Uniquely gained and lost genes in B. ovis
The uniquely gained genes were defined as the B. ovis genes that have no orthologs in either species, as shown below. The first set was closely related to B. bovis and Babesia sp. Xinjiang. The other set was wider range of Babesia spp., B. bovis, B. bigemina, B. ovata, B. caballi, B. divergens, and Babesia sp. Xinjiang. The uniquely lost genes were defined as the genes conserved in Babesia spp. mentioned above but lack in B. ovis. Those in B. bovis were retrieved as representatives. GO enrichment analysis for both gained and lost genes was performed using agriGO (Tian et al., 2017).
Identification of multigene families
The ves and smorf multigene families in the B. ovis genome were searched using hidden Markov model. The training dataset was constructed on the basis of the public genomes and annotations mentioned above. In detail, ves1α, ves1β, and smorf in B. bovis were retrieved from the gff by searching “variant erythrocyte surface antigen-1, alpha,” “variant erythrocyte surface antigen-1, beta,” and “smorf,” respectively. Babesia divergens ves1 genes were retrieved from the gff by searching “variant erythrocyte surface antigen.” Babesia bigemina ves1a, ves1b, ves1ba, and ves2 were retrieved from the website by Sanger institute (https://www.sanger.ac.uk/resources/downloads/protozoa/babesia-bigemina.html). Babesia sp. Xinjiang ves was obtained from GenBank sequence MBFZ00000000.1 (Guan et al., 2016). Hidden Markov models for each gene set were constructed, and, then, ves-related genes in B. ovis were identified using HMMER version 3.3.2 (Mistry et al., 2013). The genes in B. ovis and the abovementioned ves and smorf genes in B. bovis, B. divergens, B. bigemina, and Babesia sp. Xinjiang were aligned using BLASTP (Altschul et al., 1990). Those with more than 200-bit score were selected, and mutual similarity was visualized with Gephi using a Fruchterman–Reingold layout (Bastian et al., 2009).
The mtm multigene family in B. ovis was examined using an algorithm predicting transmembrane domain, TMHMM version 2.0c (Krogh et al., 2001), if there were eight or more predicted transmembrane domains and at least one TM domain average per 100 amino acids. Those in B. caballi, B. divergens, and Babesia sp. Xinjiang identified with the same method. Those in B. bovis and B. bigemina were retrieved from the previous study (Hakimi et al., 2020). Mutual similarity among them was examined and visualized as mentioned above.

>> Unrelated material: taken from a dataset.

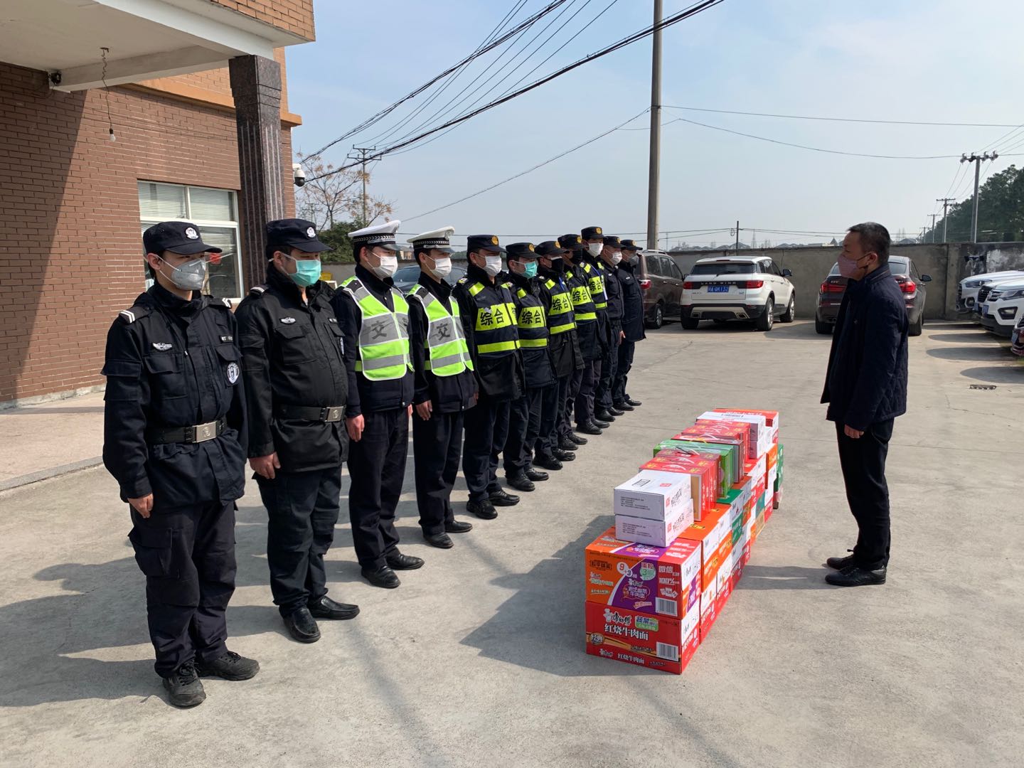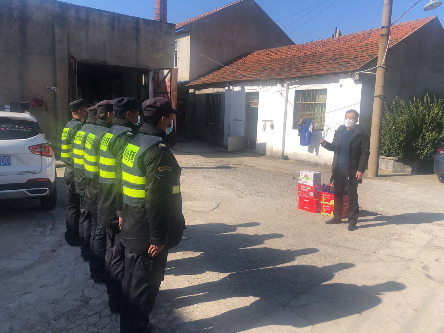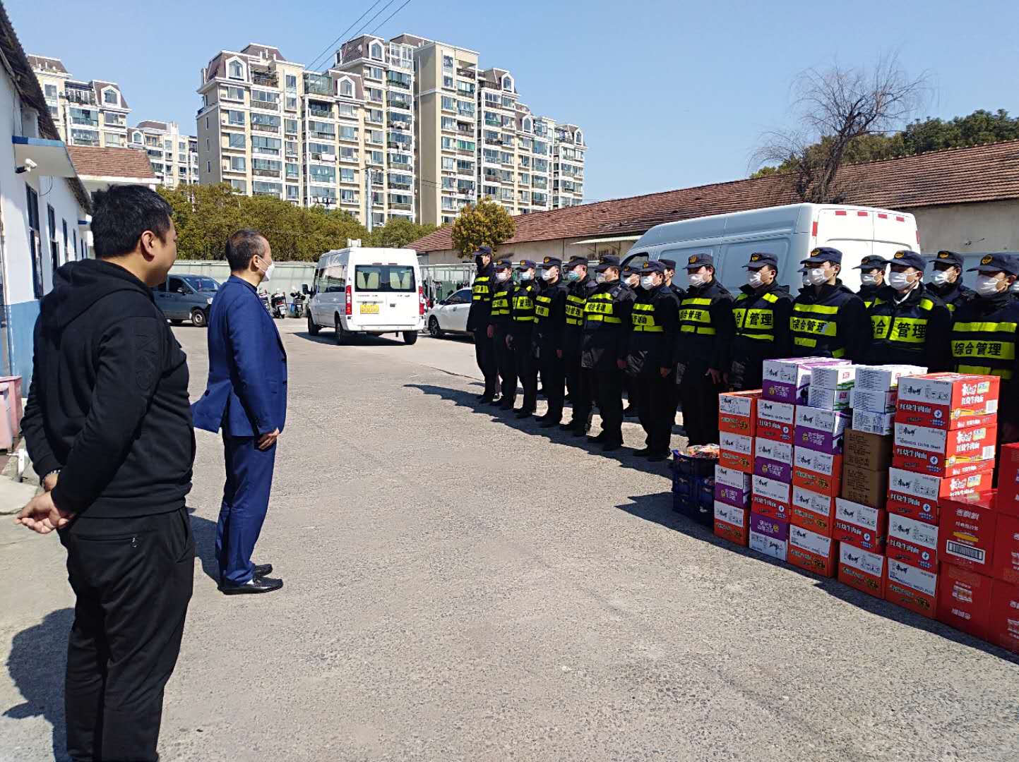 開展關(guān)愛慰問,為員工們送情送暖。疫情期間,公司領(lǐng)導(dǎo)明確責(zé)任分工,分區(qū)域、分項(xiàng)目包干,到一線工作崗位,看望慰問在崗員工,叮囑做好自我防護(hù),鼓勵(lì)隊(duì)員們?cè)俳釉賲枺倭⑿鹿Α=刂?5日,公司已累計(jì)發(fā)放方便面 1650箱,火腿腸 880箱,牛奶460箱,餅干300箱,飲料600箱,水果300箱。

To find other multigene families, the genes in B. ovis were aligned to themselves using BLASTP. Those with more than 200-bit score were selected, and mutual similarity was visualized with Gephi using a Fruchterman–Reingold layout (Bastian et al., 2009). Clusters were assigned by Gephi function, and their functions were estimated using BLASTP with nr database.
Results
De novo assembly of B. ovis genome
Using MiSeq, we obtained 1.9 million paired-end reads consisting of 1.1 Gbp. In parallel, a total of 196,077 reads and 295,660 subreads, consisting of 0.6 and 1.8 Gbp, were obtained using MinION FLO-MIN106 and PacBio RS II, respectively.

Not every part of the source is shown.